The Initiator SHOULD use restricted ranges for source and destination port numbers to avoid the denial of service attack like event against the connection tracking table of the DUT described in . The size of the source port number range SHOULD be larger (e.g. in the order of a few times ten thousand), whereas the size of the destination port number range SHOULD be smaller (may vary from a few to several hundreds or thousands as needed). The rationale is that source and destination port numbers that can be observed in the Internet traffic are not symmetrical. Whereas source port numbers may be random, there are a few very popular destination port numbers (e.g. 443, 80, etc., see ) and others hardly occur. And we have found that their role is also asymmetric in the Linux kernel routing hash function . The product of the sizes of the two ranges can be used as a parameter. The performance of the stateful NATxy gateway MAY be examined as a function of this parameter.
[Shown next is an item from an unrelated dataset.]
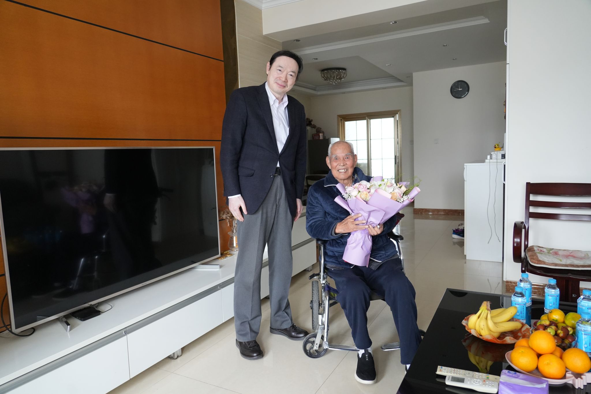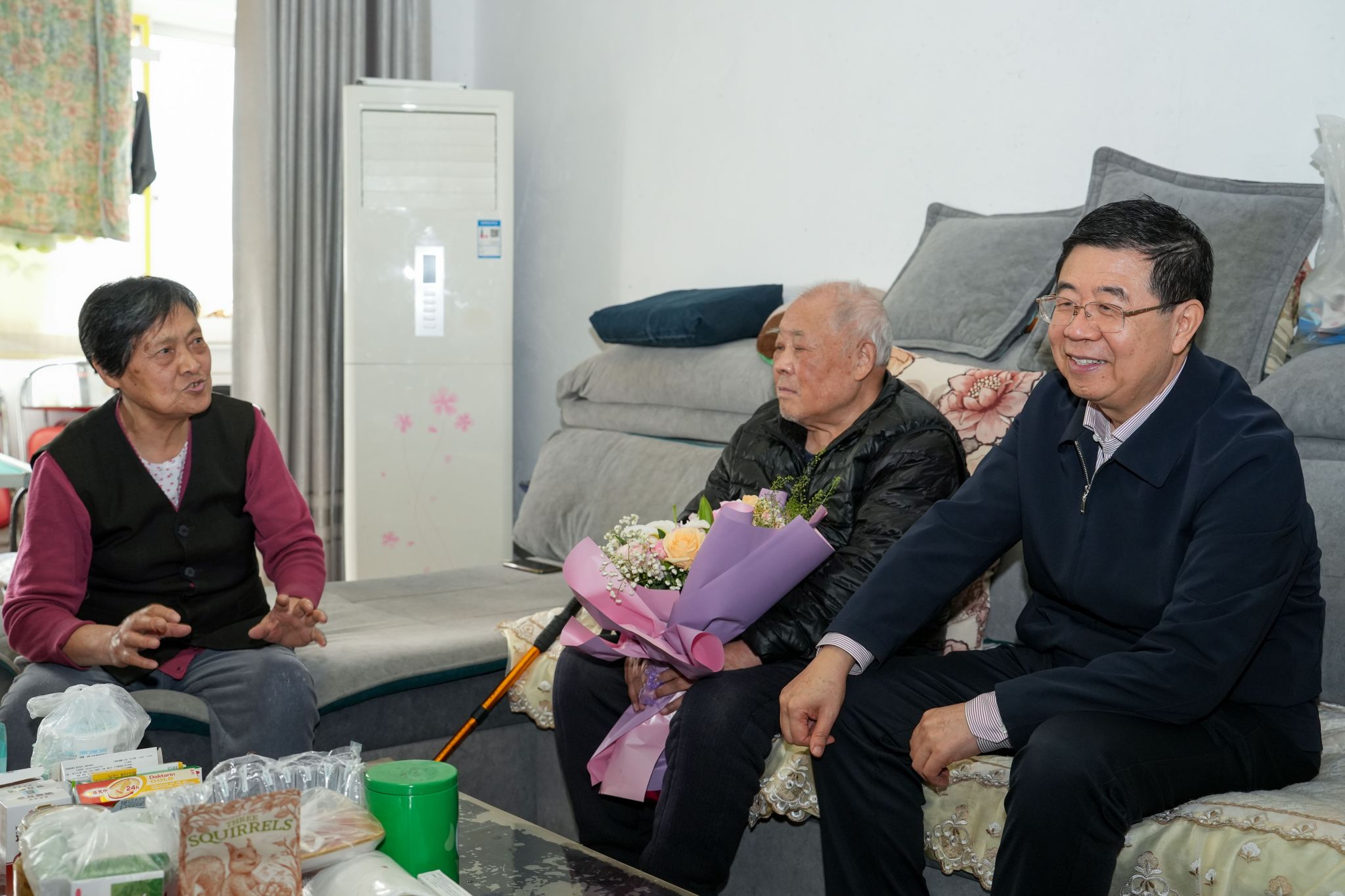 茱萸插鬓人长健,写尽金秋第一声。10月24日上午,在重阳佳节来临之际,为进一步弘扬中华民族传统美德,营造尊老敬老爱老浓厚氛围,切实把学校的关心关怀送到老同志心间,确保离退休老同志们共同度过一个欢乐祥和、健康文明的重阳佳节,校党委书记刘志军、校长吴智深、校党委副书记、工会主席周相寅在校党委办公室、校长办公室和离退休工作处等部门负责同志陪同下分别前往孙家业、李增勤、陈远禧三位高龄离退休老同志代表家中看望慰问,并代表学校党委、行政和全校师生向他们及全体离退休老同志致以诚挚问候和美好祝愿。

The preliminary phase serves two purposes: The connection tracking table of the DUT is filled. It is important, because its maximum connection establishment rate may be lower than its maximum frame forwarding rate (that is throughput). The state table of the Responder is filled with valid four tuples. It is a precondition for the Responder to be able to transmit frames that belong to connections exist in the connection tracking table of the DUT. Whereas the above two things are always necessary before the real test phase, the preliminary phase can be used without the real test phase. It is done so, when the maximum connection establishment rate is measured (as described in ). A preliminary test phase MUST be performed before all tests performed in the real test phase. In this phase, the following things happen: The Initiator sends test frames to the Responder through the DUT at a specific frame rate. The DUT performs the stateful translation of the test frames and it also stores the new combinations in its connection tracking table. The Responder receives the translated test frames and updates its state table with the received four tuples. The responder transmits no test frames during the preliminary phase. When the preliminary test phase is performed in preparation to the real test phase, the applied frame rate and the duration of the preliminary phase SHOULD be carefully selected so that: The applied frame rate be safely lower than the maximum connection establishment rate. Enough four tuples be stored in the state table of the Responder so that it can generate frames with the proper distribution of the four tuples. Please refer to for further conditions regarding timeout and port number combinations.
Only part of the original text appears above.